SUPPLIED RECORDS START
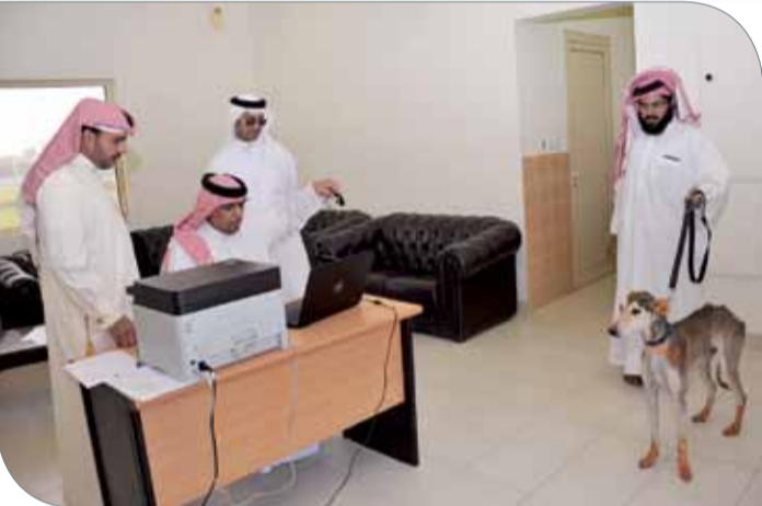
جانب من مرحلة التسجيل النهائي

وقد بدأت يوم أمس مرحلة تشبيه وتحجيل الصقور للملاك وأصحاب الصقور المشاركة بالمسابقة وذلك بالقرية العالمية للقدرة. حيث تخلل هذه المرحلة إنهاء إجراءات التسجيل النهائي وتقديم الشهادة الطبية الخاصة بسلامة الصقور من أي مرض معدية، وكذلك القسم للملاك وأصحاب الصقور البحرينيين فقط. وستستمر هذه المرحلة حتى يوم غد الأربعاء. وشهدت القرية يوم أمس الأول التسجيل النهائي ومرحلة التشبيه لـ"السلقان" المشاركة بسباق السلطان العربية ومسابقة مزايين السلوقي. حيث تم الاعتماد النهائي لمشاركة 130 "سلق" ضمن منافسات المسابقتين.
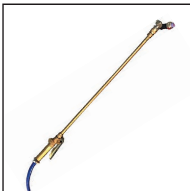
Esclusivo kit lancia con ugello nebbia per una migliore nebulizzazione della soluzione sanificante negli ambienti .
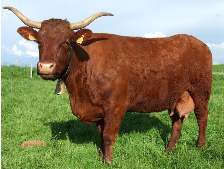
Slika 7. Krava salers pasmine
SUPPLIED RECORDS END
SUPPLIED RECORDS START
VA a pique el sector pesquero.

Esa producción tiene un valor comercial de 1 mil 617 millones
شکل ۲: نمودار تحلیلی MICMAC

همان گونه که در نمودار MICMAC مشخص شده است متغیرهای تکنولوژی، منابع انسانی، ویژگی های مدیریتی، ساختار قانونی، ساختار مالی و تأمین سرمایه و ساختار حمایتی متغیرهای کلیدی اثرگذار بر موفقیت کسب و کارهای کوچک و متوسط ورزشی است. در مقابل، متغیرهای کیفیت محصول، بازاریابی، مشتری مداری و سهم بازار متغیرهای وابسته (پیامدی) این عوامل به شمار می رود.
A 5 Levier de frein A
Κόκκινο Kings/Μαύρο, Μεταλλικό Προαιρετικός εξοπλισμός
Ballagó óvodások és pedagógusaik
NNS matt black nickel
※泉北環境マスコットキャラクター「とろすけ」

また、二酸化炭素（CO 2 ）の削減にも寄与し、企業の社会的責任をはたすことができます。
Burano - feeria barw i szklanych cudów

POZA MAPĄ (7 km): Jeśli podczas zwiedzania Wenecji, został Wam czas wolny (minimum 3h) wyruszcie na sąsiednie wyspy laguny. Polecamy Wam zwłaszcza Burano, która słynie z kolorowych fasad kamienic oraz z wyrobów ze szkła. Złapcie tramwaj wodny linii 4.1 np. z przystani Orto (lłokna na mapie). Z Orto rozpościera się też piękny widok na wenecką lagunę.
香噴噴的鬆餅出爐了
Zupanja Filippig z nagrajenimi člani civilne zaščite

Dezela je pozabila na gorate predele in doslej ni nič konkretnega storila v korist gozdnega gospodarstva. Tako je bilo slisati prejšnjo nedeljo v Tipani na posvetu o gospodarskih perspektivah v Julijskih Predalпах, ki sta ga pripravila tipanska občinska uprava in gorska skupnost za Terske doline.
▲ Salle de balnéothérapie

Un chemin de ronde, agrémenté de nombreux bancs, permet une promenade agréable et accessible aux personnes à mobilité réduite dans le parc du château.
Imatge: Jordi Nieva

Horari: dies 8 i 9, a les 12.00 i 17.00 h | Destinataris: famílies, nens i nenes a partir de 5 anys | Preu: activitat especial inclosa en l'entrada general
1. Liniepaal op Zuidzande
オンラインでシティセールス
SUPPLIED RECORDS END
SUPPLIED RECORDS START
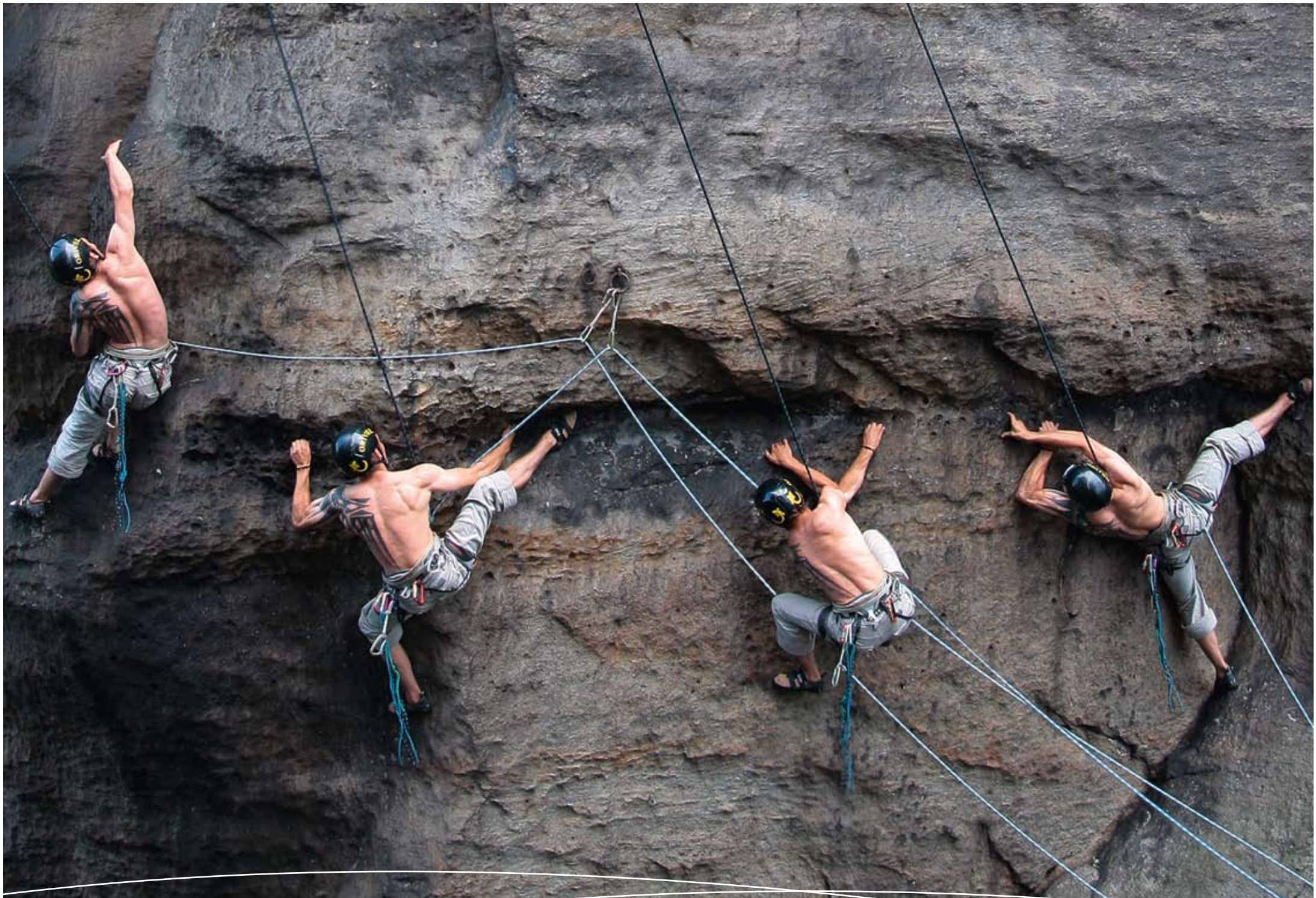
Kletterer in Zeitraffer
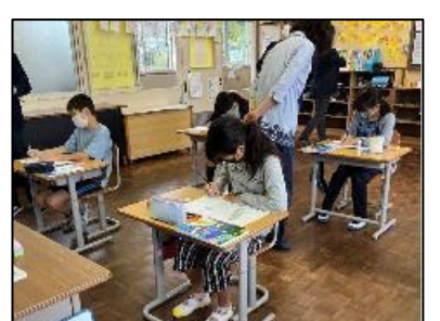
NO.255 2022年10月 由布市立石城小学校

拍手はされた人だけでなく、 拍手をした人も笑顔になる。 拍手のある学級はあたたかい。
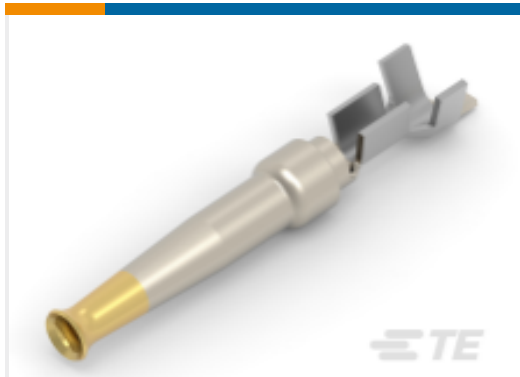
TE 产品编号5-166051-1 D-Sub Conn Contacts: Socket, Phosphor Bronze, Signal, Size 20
SUPPLIED RECORDS END
[REQUIRED ACTION]:
Using the material above, reproduce only the lines that run from the line with "NO.255 2022年10月 由布市立石城小学校" up to and including the line with "TE 产品编号5-166051-1 D-Sub", exactly, with the pictures dropped.

[SOLUTION]:
NO.255 2022年10月 由布市立石城小学校

拍手はされた人だけでなく、 拍手をした人も笑顔になる。 拍手のある学級はあたたかい。
TE 产品编号5-166051-1 D-Sub Conn Contacts: Socket, Phosphor Bronze, Signal, Size 20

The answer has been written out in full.